Wachovia Commitment Letter

On March 16, 2006, CBRL Group, Inc. (the “Company’) entered into a commitment letter (the “Wachovia Commitment Letter”) and related fee letter with Wachovia Bank, National Association (“Wachovia Bank”) and Wachovia Capital Markets, LLC (“Wachovia Capital Markets” and, together with Wachovia Bank, the “Wachovia Parties”), pursuant to which, and subject to the terms and conditions set forth therein, the Wachovia Parties have agreed to provide the Company with a $1.25 billion credit facility. The credit facility is expected to consist of a $250 million revolving credit facility, an $800 million initial term facility and a $200 million delayed draw term facility.

The Company intends to use the proceeds from the credit facility to repurchase the Company’s common stock, to refinance its existing indebtedness, to pay fees and expenses associated with the credit facility and for general corporate purposes. Wachovia’s commitment terminates on the earlier of May 15, 2006, or the closing of the credit facilities and related transactions contemplated by the Wachovia Commitment Letter.

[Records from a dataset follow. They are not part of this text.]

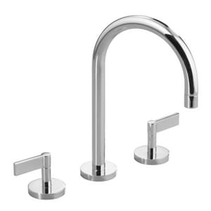 Kallista widespread bathroom faucet with low spout and metal lever handles from the one collection.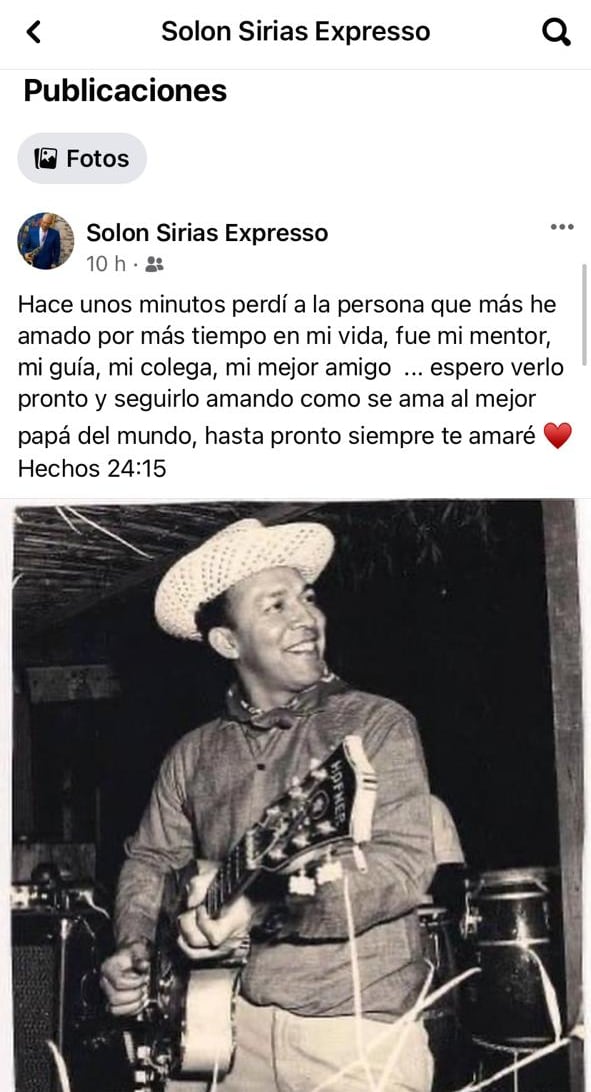 “Hace unos minutos perdí a la persona que más he amado por más tiempo en mi vida, fue mi mentor, mi guía, mi colega, mi mejor amigo... Espero verlo pronto y seguirlo amando como se ama al mejor padre del mundo, hasta pronto, siempre te amaré”, fue el mensaje con el cual Solón Sirias hijo se despidió de su padre.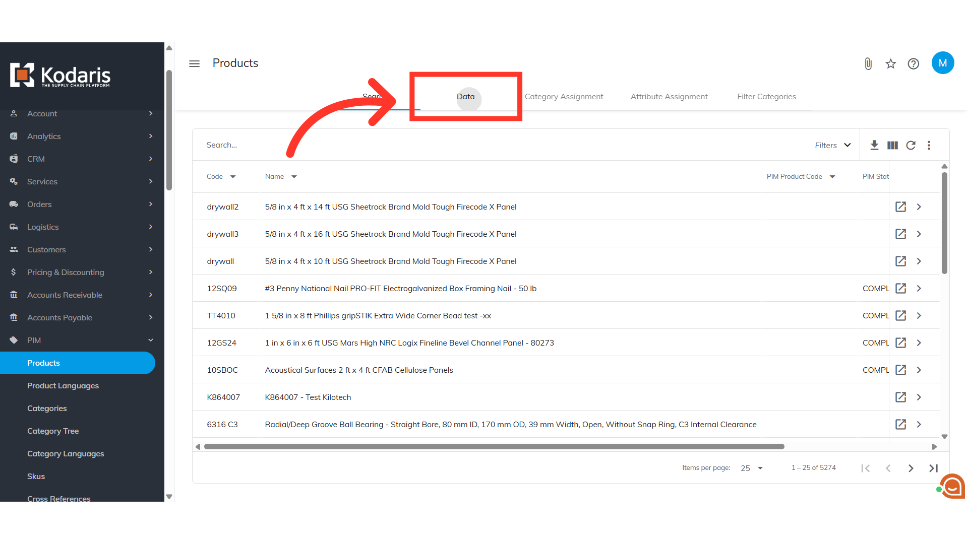 Now that the setting has been updated, you can start creating product kits. Navigate to the "PIM" section.

A copy of the Wachovia Commitment Letter agreement is attached to this current report on Form 8-K as Exhibit 99.1 and is incorporated by reference as though it were fully set forth herein. The foregoing summary description of the Wachovia Commitment Letter and the transactions contemplated thereby is not intended to be complete, and is qualified in its entirety by the complete text of the Wachovia Commitment Letter.

Compensatory Plans and Arrangements
 
On March 16, 2005, the following compensatory plans or arrangements were approved for certain officers and/or directors of the Company. Each of the plans or arrangements was established pursuant to and comprises a part of the 2002 Omnibus Incentive Compensation Plan (the "Omnibus Plan").
 
2006 Success Plan (the "Success Plan")
 
The Success Plan was adopted in order to reward certain key personnel, including certain executive officers of the Company and its subsidiaries, for undertaking and for various degrees of success in implementing the restructuring plan announced March 16, 2006. The restructuring (the “Restructuring Plan”) includes implementation of a modified Dutch auction style tender offer in an amount of at least $700 million and related financing (the “Tender Offer”) and divestiture of the Company’s wholly-owned subsidiary, Logan’s Roadhouse, Inc. (the “Logan’s Divestiture”) at one of two levels of proceeds (the “Target Level” and the “Maximum Level”).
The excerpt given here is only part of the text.